Thanks for the link, it's sort of the same but not exactly. I'm not sure where to separate the OPV from the connections (it's near the output of the pump).

That also raises the question, I have the machine all tore apart to even see what I believe is the OPV, how the heck do I make adjustments without putting it all back together since it appears it's a trial and error situation that would be an extreme pain in the arse. Since I don't want to damage anything that's why I'd like to see exactly how it's done on my model.

As to the LCC, I've read Dave referencing it can be updated, perhaps he'll see this post.


----------



## SproFTW (Jul 24, 2021)

I watched the vid again and notice the adjustment portion was on end with the silicone tube so I removed it and saw what appeared to be the adjustment end with a screwdriver slot, the bad news it would NOT move and the slot began to deform.

Unfortunately I'll probably have to order a new one to get that adjustment screw broke loose and still figure out how to remove the two 90deg elbows to remove the existing one and of course, the USA distributor shows the part I need out of stock. I'll add that if you have a V3 consider yourself VERY lucky because a 4 yo could adjust that one not to mention the other improvements that Dave requested.

If anyone has done it on a V2 I'll welcome your tips!


----------



## DavecUK (Aug 6, 2013)

SproFTW said:


> I watched the vid again and notice the adjustment portion was on end with the silicone tube so I removed it and saw what appeared to be the adjustment end with a screwdriver slot, the bad news it would NOT move and the slot began to deform.
> 
> Unfortunately I'll probably have to order a new one to get that adjustment screw broke loose and still figure out how to remove the two 90deg elbows to remove the existing one and of course, the USA distributor shows the part I need out of stock. I'll add that if you have a V3 consider yourself VERY lucky because a 4 yo could adjust that one not to mention the other improvements that Dave requested.
> 
> If anyone has done it on a V2 I'll welcome your tips!


 I think the adjustment screws are threadlocked in. Don't get the same part, order a more standard expansion valve that has easier adjustment.

As for the new software, it will work fine on a V2 Elizabeth, but I am pretty sure Lelit don't allow the retailers to flash the LCCs. I can actually flash them, but it's a little involved. Easiest thing is to simply order a replacement LCC, this way you get the proper working of steam preinfusion the way I asked for it to be done to avoid overly hot water entering the brew boiler and some other nice features.

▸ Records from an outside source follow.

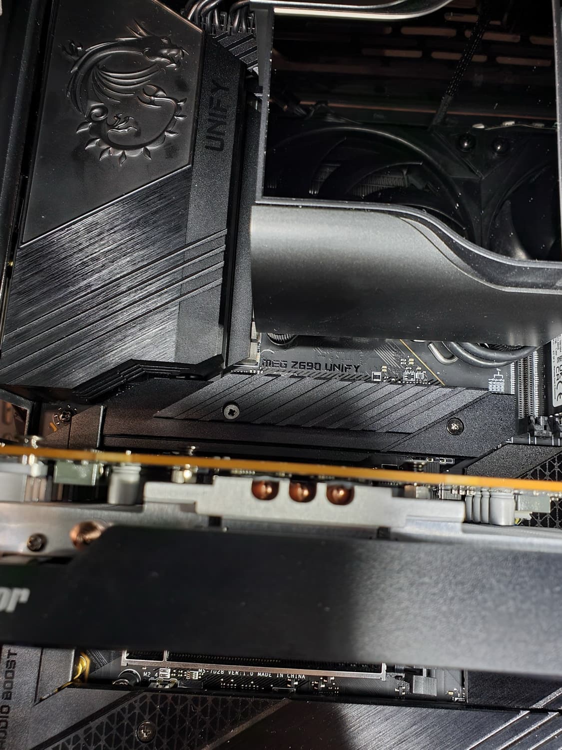 Всего на плате есть 3 слота: два PCIe x16 (для видеокарт или других устройств) и один PCIe x4. Если про первые два PCIe x16 я выше уже рассказал (они подключены к CPU), то PCIe x4 подключен к Z690 и работающий в режиме х4.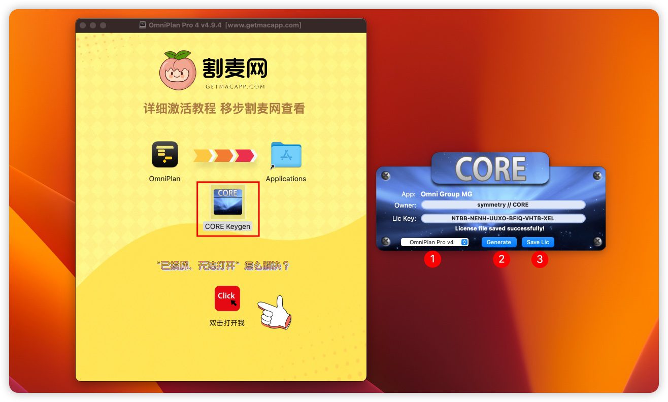 打开OmniPlan注册机,选择OmniPlan Pro v4,单击Generate,单击Save Lic,完成破解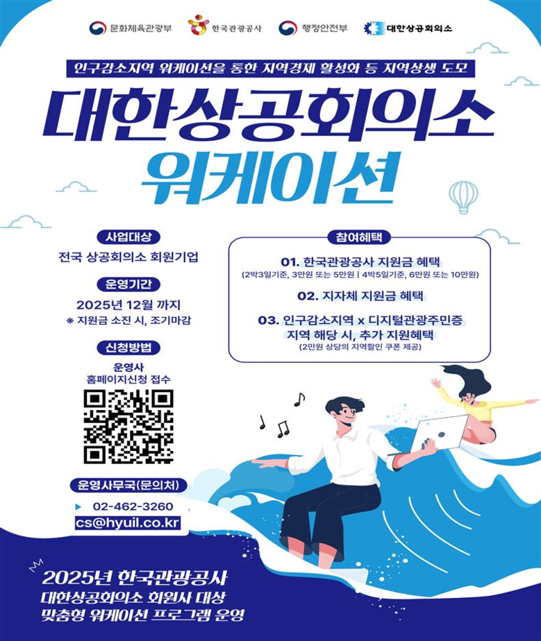 한국관광공사의 ‘2025 휴가지 원격근무(워케이션)’ 프로그램 지원 대상은 전국 기업·기관 재직자다. 참가자는 2~4박 기간 중 공사 지원금 혜택과 시 숙박 지원금 혜택을 중복으로 지원받을 수 있으며, 대한상공회의소 회원사의 경우 참가비를 추가 지원받을 수 있다.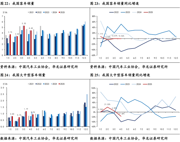 4月客车销量同比微降。客车方面,据中汽协数据,2025年4月客车销量完成4.45万辆,同比-0.56%,环比-16.05%。2025年4月,大中型客车销量完成0.94万辆,同比-17.68%,环比-20.88%。大中型客车销量同环比双双下滑主要原因有二:一是2024年8月以来实施的以旧换新政策一定程度上透支市场需求;二是每年3月作为新能源客车营运企业招标采购旺季,一定程度上透支4月市场需求。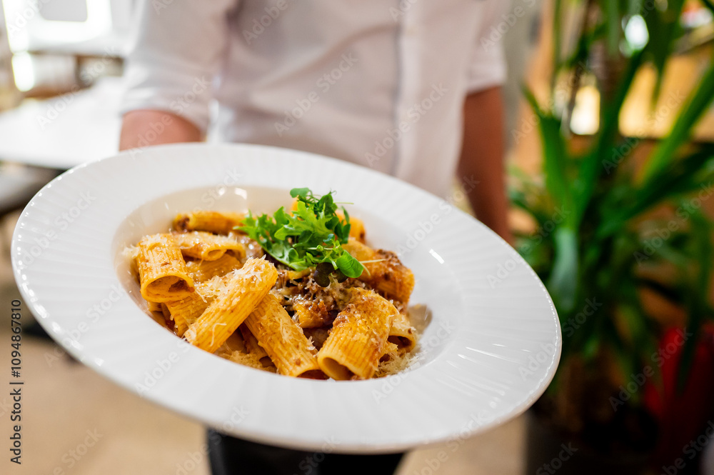 A person holding a plate of delicious pasta in a modern dining environment. The dish features rigatoni with sauce and garnished with fresh herbs, showcasing a cozy atmosphere.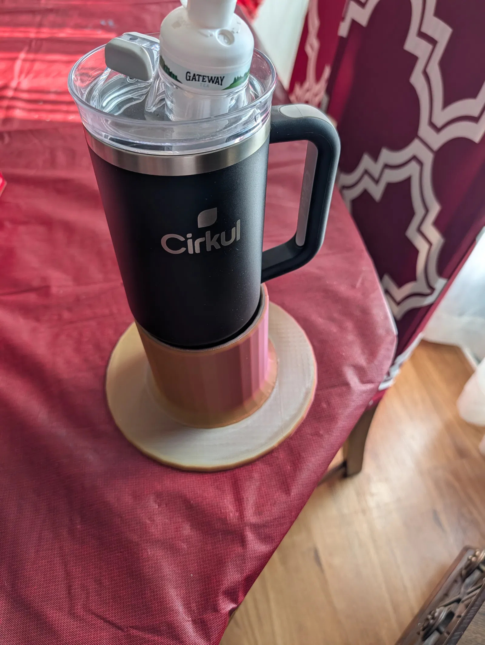 Giá đỡ tumbler (tumble holder) có đế rộng, gắn lên xe đẩy di động hoặc hộp dụng cụ để tạo bệ vững, hạn chế rung lắc và giúp ly đứng ổn định khi đang di chuyển.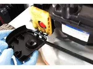 Снова установите крышку, выровняв два нижних зажима в их слотах.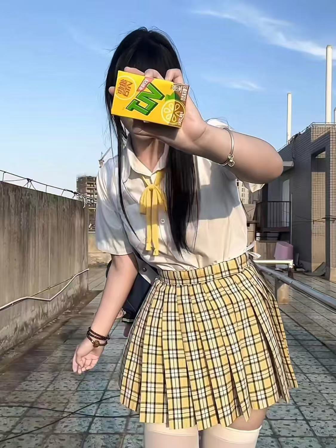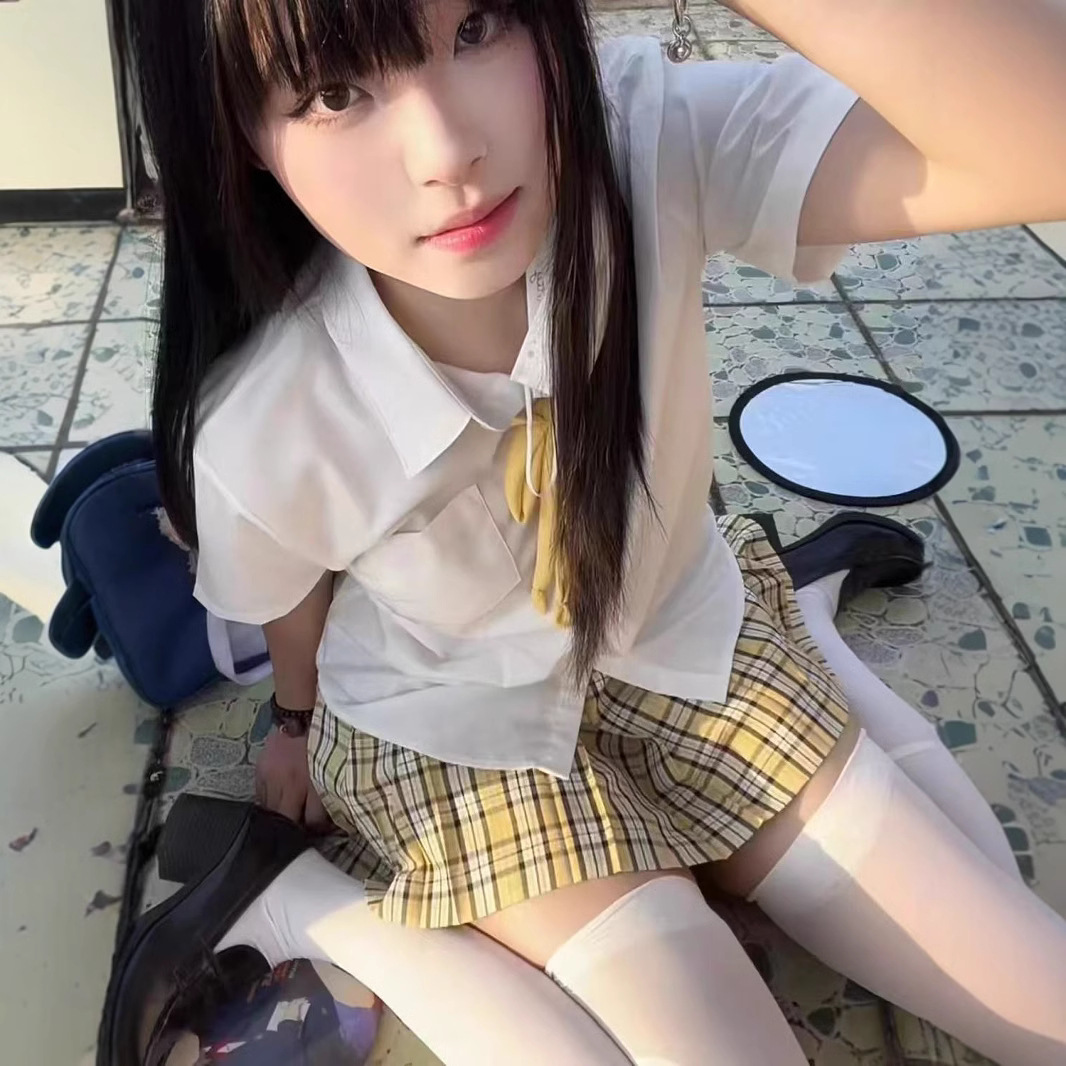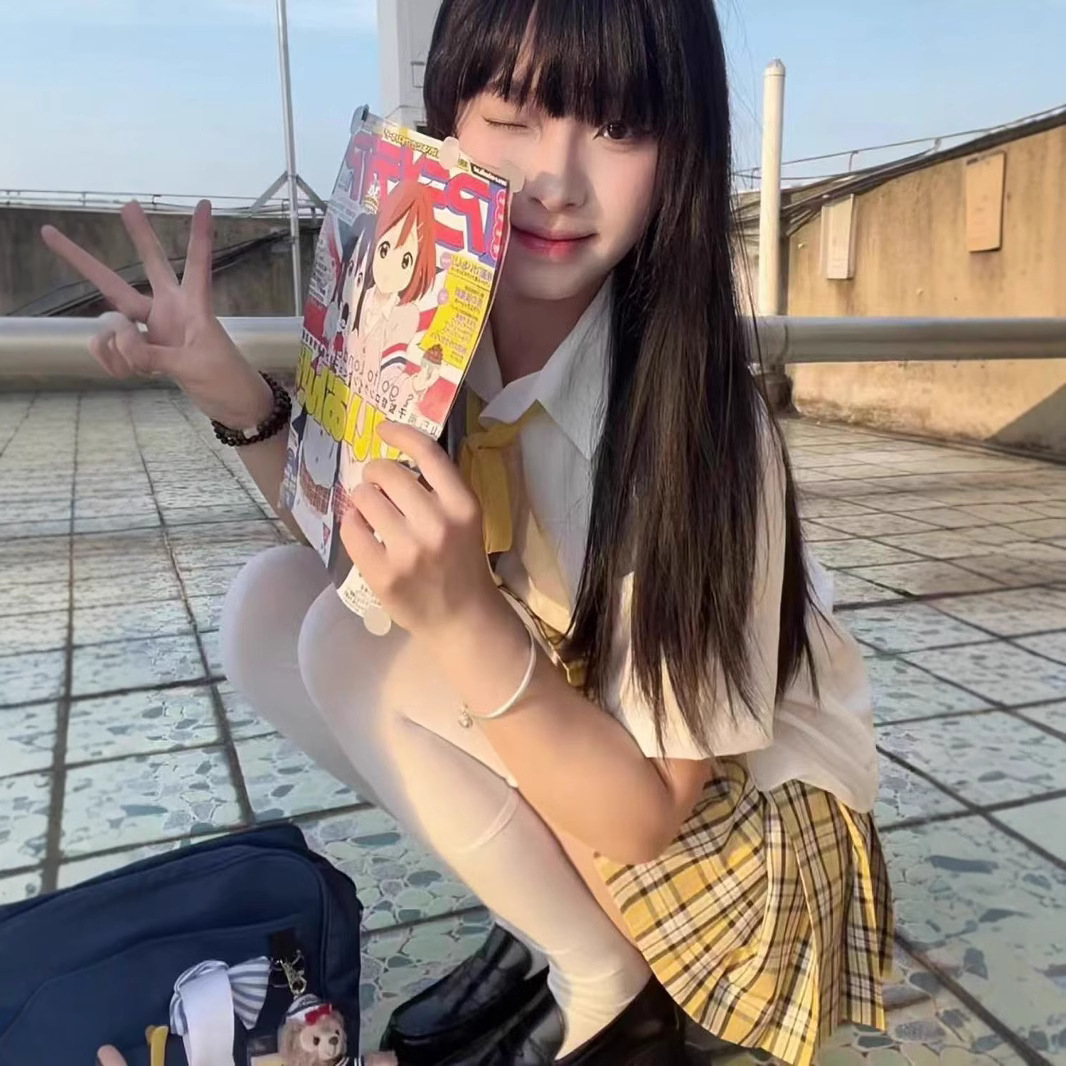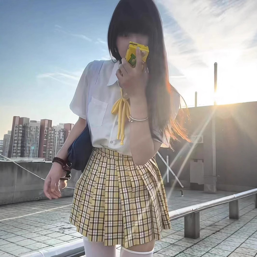 Рубашка с короткими рукавами с V-образным вырезом + юбка Xiaoxingzhong JK + веревка с желтым воротником; Юбка Xiaoxingzhong JK + веревка с желтым воротником; Свободная рубашка с короткими рукавами + желтый воротник-шнур.; Коробка для самолета 3 юаня.
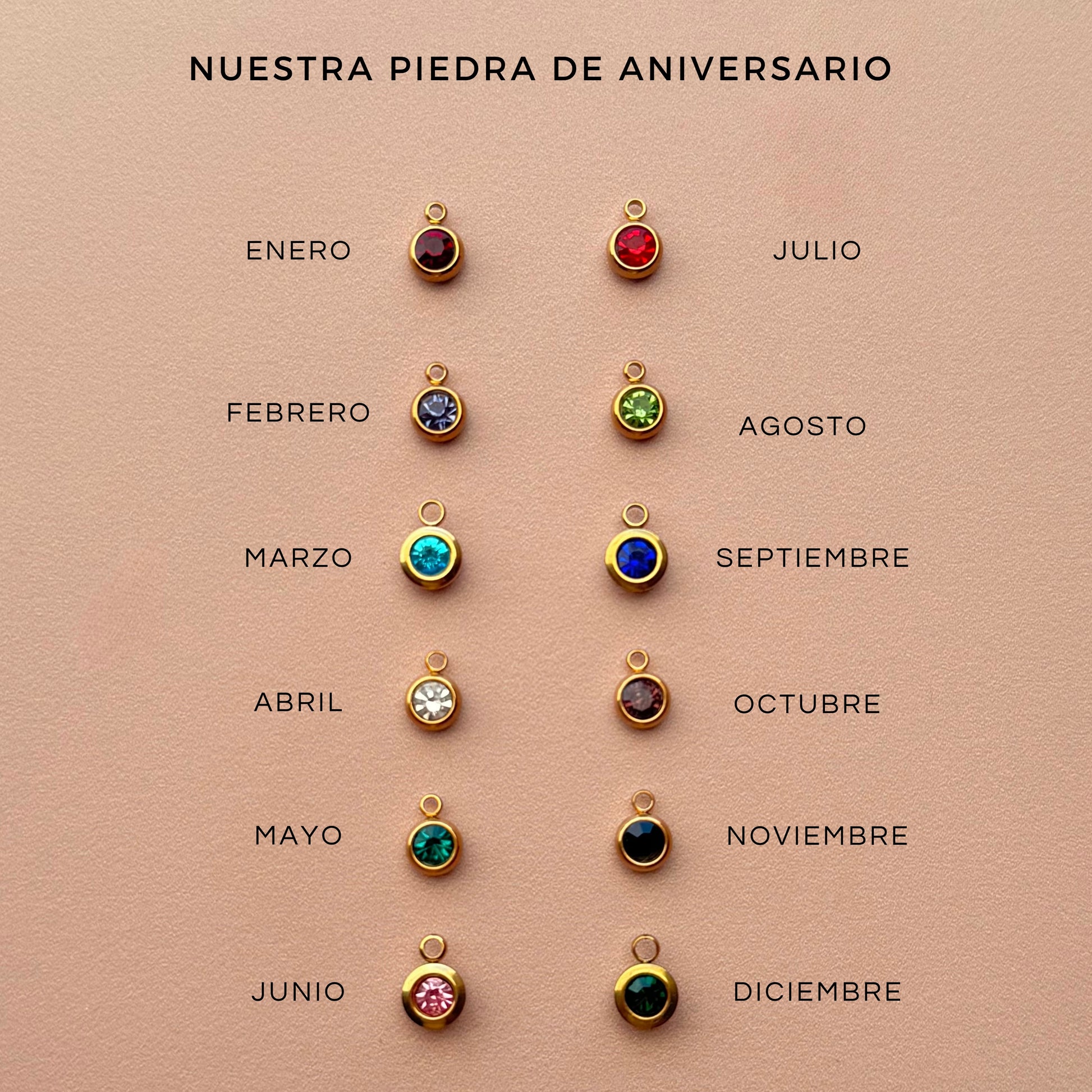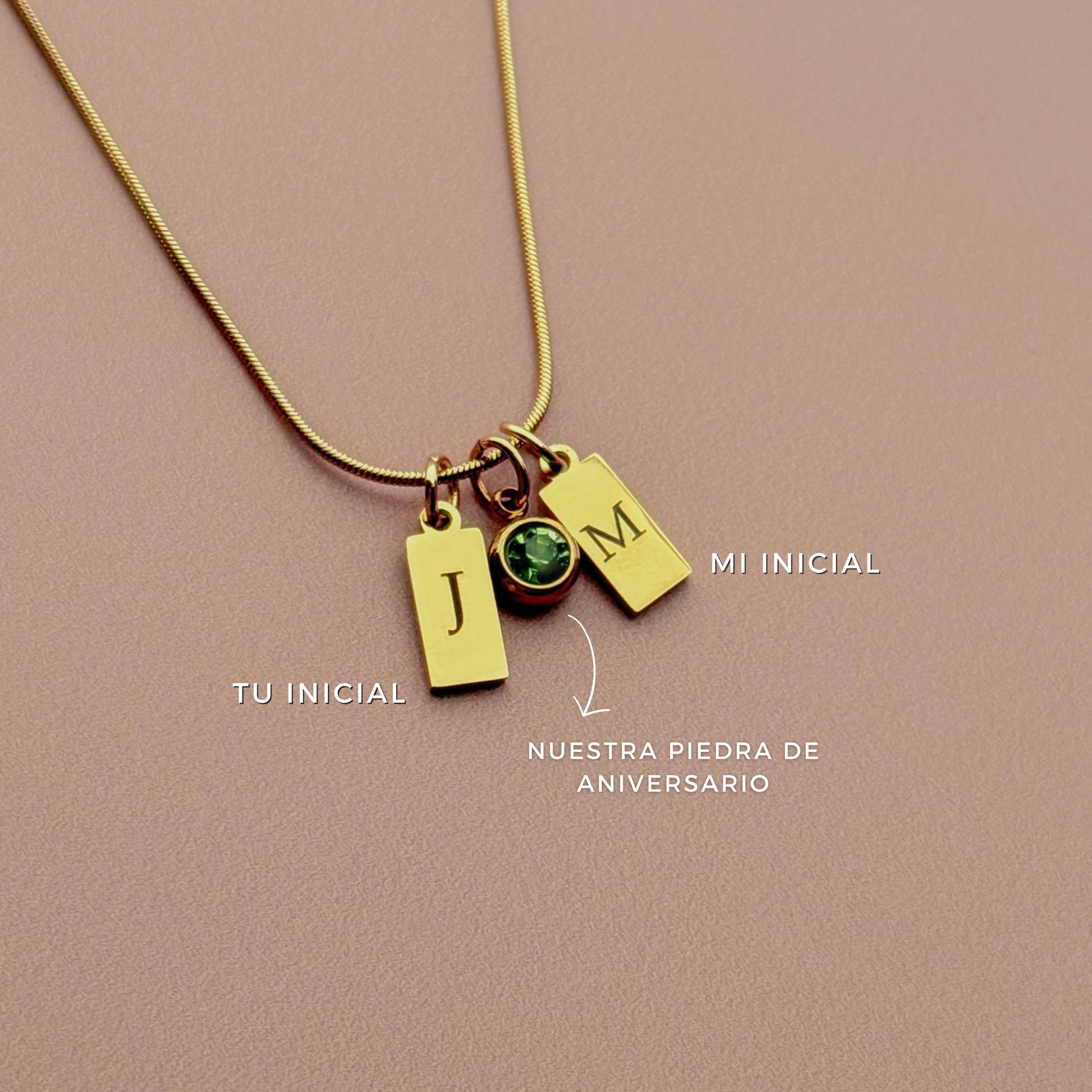 Elige tu piedra de acuerdo a la fecha de aniversario, el collar es de acero inoxidable puedes grabar dos iniciales o dos números en cada placa.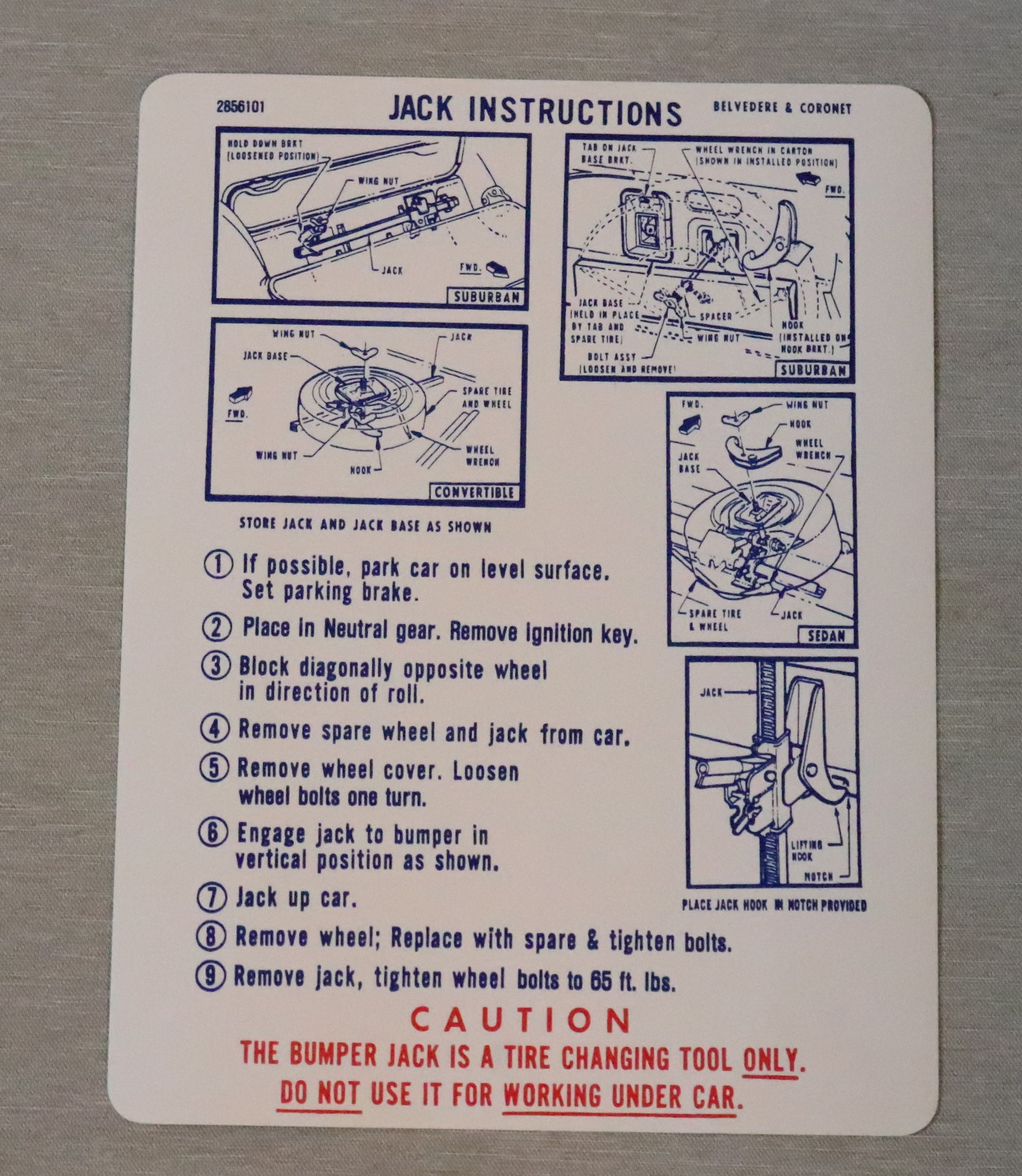 Häfte som förvaras tillsammans med instruktionsboken i handskfacket 1955-60 Chrysler

Plus if your pump ever fails, perhaps in 8-10 years, or you want a spare, get a QuietX pump and keep yours as a spare....the machine becomes super quiet....although it's pretty quiet as it it, it become really quiet. Pumps very easy to change too....can do at same time as expansion valve.


----------



## SproFTW (Jul 24, 2021)

DavecUK said:


> I think the adjustment screws are threadlocked in. Don't get the same part, order a more standard expansion valve that has easier adjustment.
> 
> As for the new software, it will work fine on a V2 Elizabeth, but I am pretty sure Lelit don't allow the retailers to flash the LCCs. I can actually flash them, but it's a little involved. Easiest thing is to simply order a replacement LCC, this way you get the proper working of steam preinfusion the way I asked for it to be done to avoid overly hot water entering the brew boiler and some other nice features.
> 
> Plus if your pump ever fails, perhaps in 8-10 years, or you want a spare, get a QuietX pump and keep yours as a spare....the machine becomes super quiet....although it's pretty quiet as it it, it become really quiet. Pumps very easy to change too....can do at same time as expansion valve.


 Dave,

Thanks for the reply, I'd love to order a different OPV however the V3 design won't work as it since mine looks just like the one in the vid that MRS linked to (T design vs a straight through design of V3), It would seem I'd have to add fittings and tubing to be routed the same way as V3 since it has a 4 way connection from the boiler and mine is a three way, I'm sure with the proper parts and directions I could do it but I'm not sure exactly what part numbers I'd need.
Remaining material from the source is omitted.